_Task prompt:_ For any picture in the lines below, please leave it out and copy the rest exactly.

##### Working data

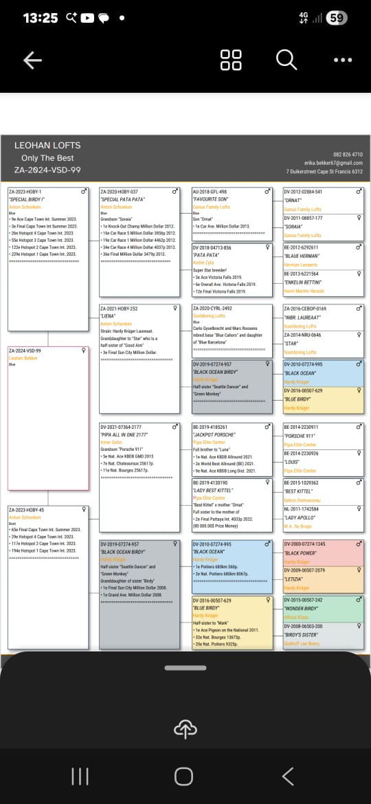 LOT 11 CARNIVAL ALL FLIGHT GOLD CUP AUCTION 2 –Leohan Hokke-LEO 25 30 -SIRE:ZA 23 OP 11991.SIRE IS AU 2017 AFL 223.ALIAS: ALMA FULL BROTHER OF: 18TH PLACE CAR RACE #1 – 3532 19TH PLACE CAR RACE #2 – 3511 8TH PLACE HOTSPOT #4 – 1547 HALF BROTHER OF: 1ST PLACE SFTC 260 MILE 9TH PLACE BIG ANDY 9321B 7TH PLACE BIG ANDY 400 MILE 1ST PLACE BIG ANDY 150 MILE.———-DAM:ZA 24 VSD 99. BRED OUT OF 2 DIRECT BIRDS FROM ANTON SCHONKEN. SIRE IS GRAND CHRILD TO “BLACK OCEAN BIRDY”. DAM IS DIRECT CHILD TO “BLACK OCEAN BIRDY”.SEE PEDIGREE!!!
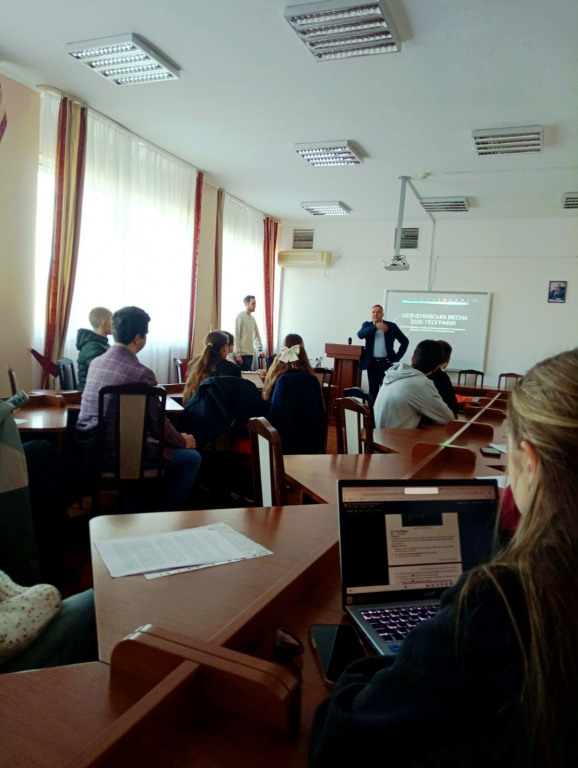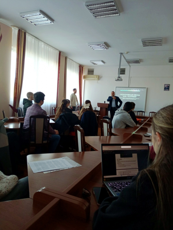 Приємним сюрпризом став виступ випускника відділення наук про Землю Київської МАН, нині асистента кафедри економічної та соціальної географії, доктора філософії з географії Тимофія Нагорного.
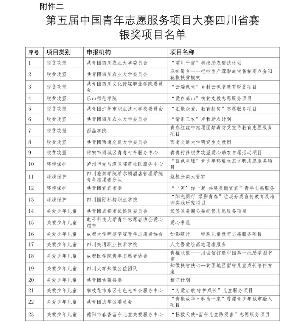 10月9日,记者从共青团四川省委获悉,第五届中国青年志愿服务项目大赛四川省赛金、银奖项目公示结束,获奖名单正式出炉。其中,四川日报社“川观新闻爱心专车”战疫志愿服务项目荣获四川省赛金奖,将作为四川省优秀项目参加全国赛,冲击全国青年志愿服务项目大赛奖项。
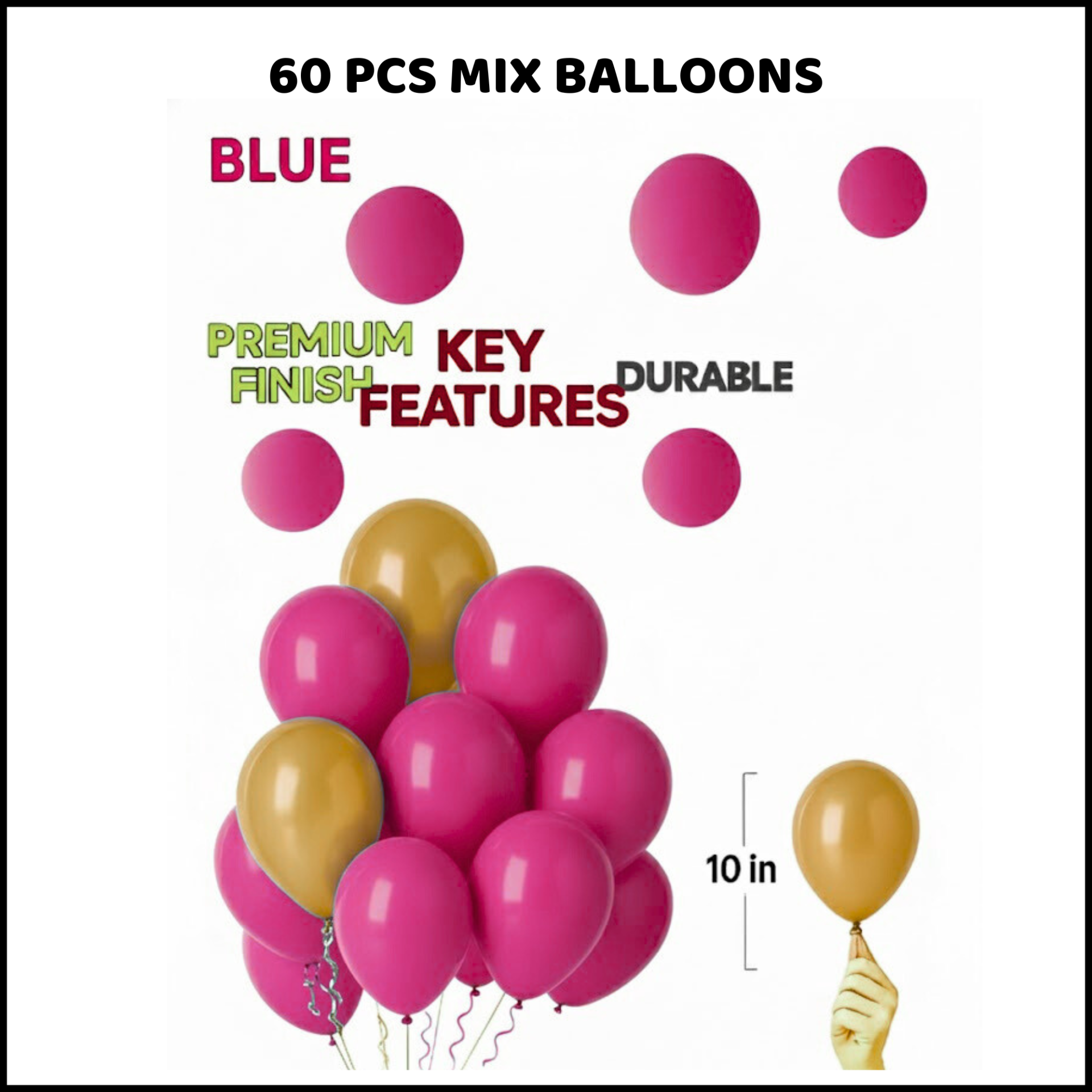 With 60 premium mix balloons, sparkling gold confetti balloons, and a balloon arch tape, you can easily design balloon arches, clusters, or side decorations. Celebration essentials like curl ribbons, LED cork lights, cake candles, party poppers, birthday caps, fun goggles, balloon pump, and birthday sash ensure both decoration and party fun are fully covered.
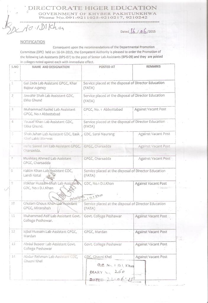Our dpc meeting for the promotion of Laboratory Assistants in the colleges Directorate(KPK) has been done or still awaited.plz tells me about that.
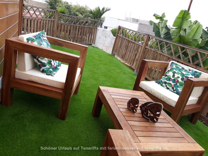 Zum Anwesen gehört ein großzügiger Chilloutgarten, der über eine hohe Treppe erreichbar ist. Hier erwartet Sie eine inspirierende Oase mit einem Tempel oder Pavillon, einem Grillbereich inklusive Kühlschrank, einem überdachten Essbereich sowie einem offenen Air-Garten. Die Umgebung ist geprägt von blühenden Blumen, Ziersträuchern und schattenspendenden Bäumen. Von diesem Garten führt ein Weg (etwa 20 Meter) direkt zum Meer. Unten angekommen, finden Sie Meeresschwimmbäder mit Leitern sowie den Sandstrand von Alcala, ausgestattet mit Sonnenliegen, Sonnenschirmen und einer Strandbar.
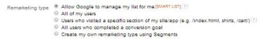 Создание такого списка, довольно просто, опять заходим в «Список аудиторий», где выбираем «Разрешить Google управлять моим списком», который расположен под «Тип Ремаркетинга» и сохраняете его — готово.
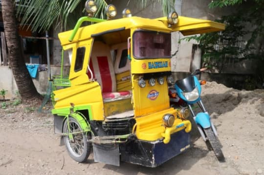 ジプニーの次に現地の人がよく利用するのがトライシクルです。バイクの横に乗れるスペースがついておりそこにぎゅうぎゅうに乗っているのをよく目にします。
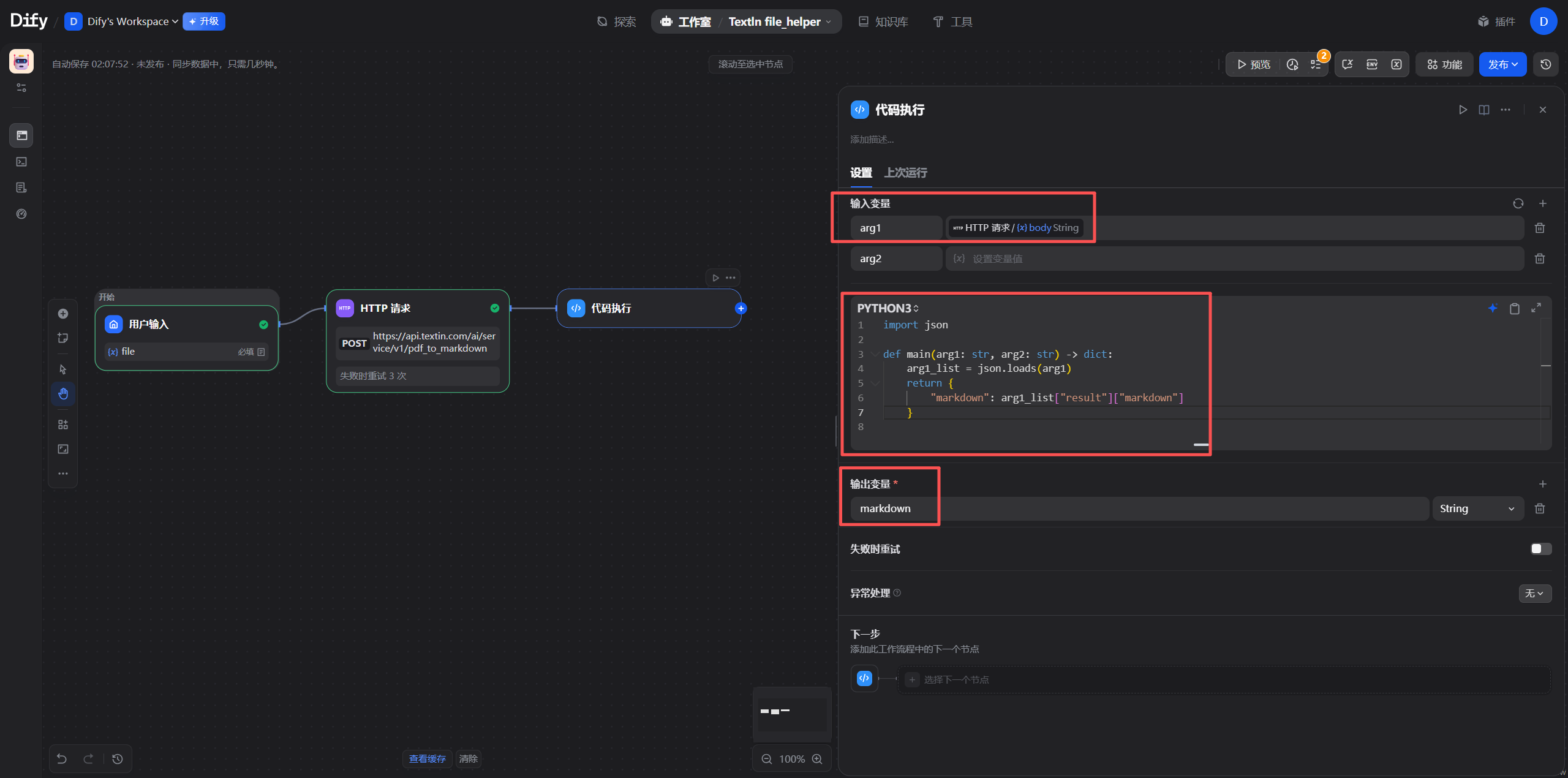 虽然 TextIn 返回了结构化的 Markdown 文本,但它被包裹在复杂的 JSON 结构中。为了让后面的大模型节点能够直接处理文本,需要通过代码执行节点进行一次精密的"手术"。
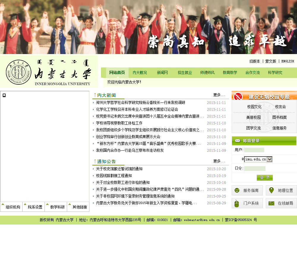 内蒙古大学于2020-06-14被0702投稿网收录,网站相关信息来自互联网或网友分享!由于(内蒙古大学)网站内容动态属性,时刻在变动,本站无法保证(内蒙古大学)网站内容真实可靠!请大家查阅时,谨慎选择、自辩真伪,感谢您的理解与支持。如果您在访问(内蒙古大学)时发现:网址失效、或网站存在非法等相关内容,请及时联系我们,我们会第一时间处理。
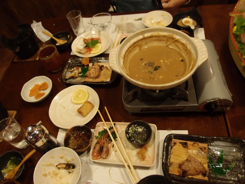 平日時段住宿、用餐的人不多,可以安靜地享受一頓豐盛的日式饗宴。令人眼花撩亂的刺身盤(左上)是莫名其妙另外加點的,有整條魚切的刺身、干貝跟甜蝦等,很新鮮,不過份量好多吃到後來感覺要變成一條水裡游的魚了
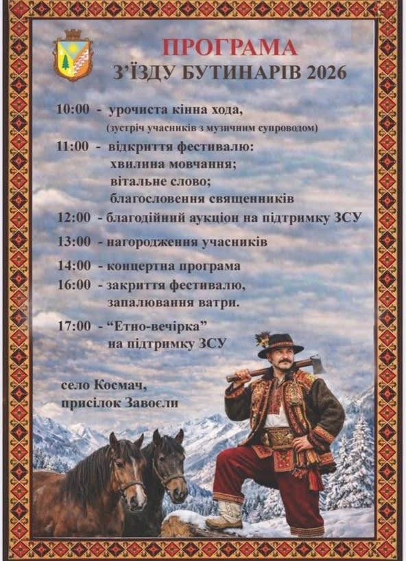 У селі Космач, присілок Завоєли, відбудеться З’їзд бутинарів – 2026 — автентична етнокультурна подія, що поєднує давні гуцульські традиції, мистецтво та благодійність задля підтримки українських захисників.
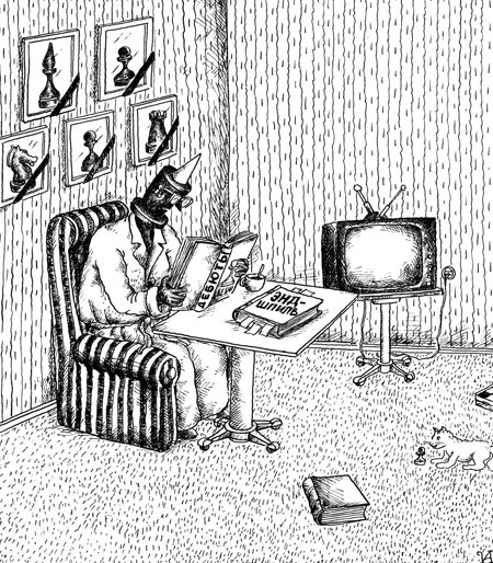 — Я регулярно просматривал «Крокодил», рисовал в факультетской стенгазете. А однажды на глаза попалась книжка из серии «Мастера советской карикатуры», рисунки в этой книжке мне явно показались слабыми. В предисловии книги красочно расписывалось, как талантлив автор. И тут меня посетила шальная мысль: «А ведь я могу лучше». И уже через полгода первые два моих рисунка появились в «Литературной газете».

##########

_Response area:_
 LOT 11 CARNIVAL ALL FLIGHT GOLD CUP AUCTION 2 –Leohan Hokke-LEO 25 30 -SIRE:ZA 23 OP 11991.SIRE IS AU 2017 AFL 223.ALIAS: ALMA FULL BROTHER OF: 18TH PLACE CAR RACE #1 – 3532 19TH PLACE CAR RACE #2 – 3511 8TH PLACE HOTSPOT #4 – 1547 HALF BROTHER OF: 1ST PLACE SFTC 260 MILE 9TH PLACE BIG ANDY 9321B 7TH PLACE BIG ANDY 400 MILE 1ST PLACE BIG ANDY 150 MILE.———-DAM:ZA 24 VSD 99. BRED OUT OF 2 DIRECT BIRDS FROM ANTON SCHONKEN. SIRE IS GRAND CHRILD TO “BLACK OCEAN BIRDY”. DAM IS DIRECT CHILD TO “BLACK OCEAN BIRDY”.SEE PEDIGREE!!!
 Приємним сюрпризом став виступ випускника відділення наук про Землю Київської МАН, нині асистента кафедри економічної та соціальної географії, доктора філософії з географії Тимофія Нагорного.
 10月9日,记者从共青团四川省委获悉,第五届中国青年志愿服务项目大赛四川省赛金、银奖项目公示结束,获奖名单正式出炉。其中,四川日报社“川观新闻爱心专车”战疫志愿服务项目荣获四川省赛金奖,将作为四川省优秀项目参加全国赛,冲击全国青年志愿服务项目大赛奖项。
 With 60 premium mix balloons, sparkling gold confetti balloons, and a balloon arch tape, you can easily design balloon arches, clusters, or side decorations. Celebration essentials like curl ribbons, LED cork lights, cake candles, party poppers, birthday caps, fun goggles, balloon pump, and birthday sash ensure both decoration and party fun are fully covered.
Our dpc meeting for the promotion of Laboratory Assistants in the colleges Directorate(KPK) has been done or still awaited.plz tells me about that.
 Zum Anwesen gehört ein großzügiger Chilloutgarten, der über eine hohe Treppe erreichbar ist. Hier erwartet Sie eine inspirierende Oase mit einem Tempel oder Pavillon, einem Grillbereich inklusive Kühlschrank, einem überdachten Essbereich sowie einem offenen Air-Garten. Die Umgebung ist geprägt von blühenden Blumen, Ziersträuchern und schattenspendenden Bäumen. Von diesem Garten führt ein Weg (etwa 20 Meter) direkt zum Meer. Unten angekommen, finden Sie Meeresschwimmbäder mit Leitern sowie den Sandstrand von Alcala, ausgestattet mit Sonnenliegen, Sonnenschirmen und einer Strandbar.
 Создание такого списка, довольно просто, опять заходим в «Список аудиторий», где выбираем «Разрешить Google управлять моим списком», который расположен под «Тип Ремаркетинга» и сохраняете его — готово.
 ジプニーの次に現地の人がよく利用するのがトライシクルです。バイクの横に乗れるスペースがついておりそこにぎゅうぎゅうに乗っているのをよく目にします。
 虽然 TextIn 返回了结构化的 Markdown 文本,但它被包裹在复杂的 JSON 结构中。为了让后面的大模型节点能够直接处理文本,需要通过代码执行节点进行一次精密的"手术"。
 内蒙古大学于2020-06-14被0702投稿网收录,网站相关信息来自互联网或网友分享!由于(内蒙古大学)网站内容动态属性,时刻在变动,本站无法保证(内蒙古大学)网站内容真实可靠!请大家查阅时,谨慎选择、自辩真伪,感谢您的理解与支持。如果您在访问(内蒙古大学)时发现:网址失效、或网站存在非法等相关内容,请及时联系我们,我们会第一时间处理。
 平日時段住宿、用餐的人不多,可以安靜地享受一頓豐盛的日式饗宴。令人眼花撩亂的刺身盤(左上)是莫名其妙另外加點的,有整條魚切的刺身、干貝跟甜蝦等,很新鮮,不過份量好多吃到後來感覺要變成一條水裡游的魚了
 У селі Космач, присілок Завоєли, відбудеться З’їзд бутинарів – 2026 — автентична етнокультурна подія, що поєднує давні гуцульські традиції, мистецтво та благодійність задля підтримки українських захисників.
 — Я регулярно просматривал «Крокодил», рисовал в факультетской стенгазете. А однажды на глаза попалась книжка из серии «Мастера советской карикатуры», рисунки в этой книжке мне явно показались слабыми. В предисловии книги красочно расписывалось, как талантлив автор. И тут меня посетила шальная мысль: «А ведь я могу лучше». И уже через полгода первые два моих рисунка появились в «Литературной газете».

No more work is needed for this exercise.